▶ **What is expected**
Return the exact lines from the one containing "2-ой этаж: холл" through the final line of the material below, with both ends kept.

▶ **Records for this exercise**
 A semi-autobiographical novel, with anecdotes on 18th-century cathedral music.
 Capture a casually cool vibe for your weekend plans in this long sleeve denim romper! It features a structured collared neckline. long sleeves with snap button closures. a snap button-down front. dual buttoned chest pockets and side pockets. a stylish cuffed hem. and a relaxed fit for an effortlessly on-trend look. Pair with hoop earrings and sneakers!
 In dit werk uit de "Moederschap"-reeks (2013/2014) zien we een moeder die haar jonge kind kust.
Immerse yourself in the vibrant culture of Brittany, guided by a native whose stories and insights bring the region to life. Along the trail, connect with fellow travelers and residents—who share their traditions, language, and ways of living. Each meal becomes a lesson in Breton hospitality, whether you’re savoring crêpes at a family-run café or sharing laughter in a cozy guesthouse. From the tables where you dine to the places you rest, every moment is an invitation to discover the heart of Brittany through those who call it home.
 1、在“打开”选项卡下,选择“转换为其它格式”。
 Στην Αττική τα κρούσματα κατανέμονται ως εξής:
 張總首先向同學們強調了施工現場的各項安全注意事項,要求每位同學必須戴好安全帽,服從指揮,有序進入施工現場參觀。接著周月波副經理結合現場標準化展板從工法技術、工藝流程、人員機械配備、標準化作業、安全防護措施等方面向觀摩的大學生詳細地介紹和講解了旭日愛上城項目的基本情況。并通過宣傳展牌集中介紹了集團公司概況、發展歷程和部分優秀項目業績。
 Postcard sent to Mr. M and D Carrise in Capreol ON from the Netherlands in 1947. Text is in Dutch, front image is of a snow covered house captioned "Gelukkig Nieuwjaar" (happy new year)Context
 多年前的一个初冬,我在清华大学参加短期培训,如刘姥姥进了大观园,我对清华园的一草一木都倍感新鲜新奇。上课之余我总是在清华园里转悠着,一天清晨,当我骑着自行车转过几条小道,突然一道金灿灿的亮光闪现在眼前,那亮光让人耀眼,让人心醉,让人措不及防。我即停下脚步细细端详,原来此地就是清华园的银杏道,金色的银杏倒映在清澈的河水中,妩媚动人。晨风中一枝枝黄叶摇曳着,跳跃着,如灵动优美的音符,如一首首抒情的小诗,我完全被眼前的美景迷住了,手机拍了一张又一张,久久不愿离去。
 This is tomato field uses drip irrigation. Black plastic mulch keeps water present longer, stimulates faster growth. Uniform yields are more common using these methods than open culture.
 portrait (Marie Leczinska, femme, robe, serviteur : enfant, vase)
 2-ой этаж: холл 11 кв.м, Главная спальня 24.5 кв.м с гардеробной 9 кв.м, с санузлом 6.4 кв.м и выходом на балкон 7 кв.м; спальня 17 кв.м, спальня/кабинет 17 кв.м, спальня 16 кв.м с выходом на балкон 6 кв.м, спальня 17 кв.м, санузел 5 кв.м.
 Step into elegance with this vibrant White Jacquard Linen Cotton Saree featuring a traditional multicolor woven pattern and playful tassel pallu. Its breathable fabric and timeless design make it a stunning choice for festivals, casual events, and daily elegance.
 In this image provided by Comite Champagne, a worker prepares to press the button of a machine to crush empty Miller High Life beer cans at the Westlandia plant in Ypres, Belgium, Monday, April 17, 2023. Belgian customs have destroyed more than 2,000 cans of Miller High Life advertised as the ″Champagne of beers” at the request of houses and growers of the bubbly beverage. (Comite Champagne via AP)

▶ **Response to the exercise**
 2-ой этаж: холл 11 кв.м, Главная спальня 24.5 кв.м с гардеробной 9 кв.м, с санузлом 6.4 кв.м и выходом на балкон 7 кв.м; спальня 17 кв.м, спальня/кабинет 17 кв.м, спальня 16 кв.м с выходом на балкон 6 кв.м, спальня 17 кв.м, санузел 5 кв.м.
 Step into elegance with this vibrant White Jacquard Linen Cotton Saree featuring a traditional multicolor woven pattern and playful tassel pallu. Its breathable fabric and timeless design make it a stunning choice for festivals, casual events, and daily elegance.
 In this image provided by Comite Champagne, a worker prepares to press the button of a machine to crush empty Miller High Life beer cans at the Westlandia plant in Ypres, Belgium, Monday, April 17, 2023. Belgian customs have destroyed more than 2,000 cans of Miller High Life advertised as the ″Champagne of beers” at the request of houses and growers of the bubbly beverage. (Comite Champagne via AP)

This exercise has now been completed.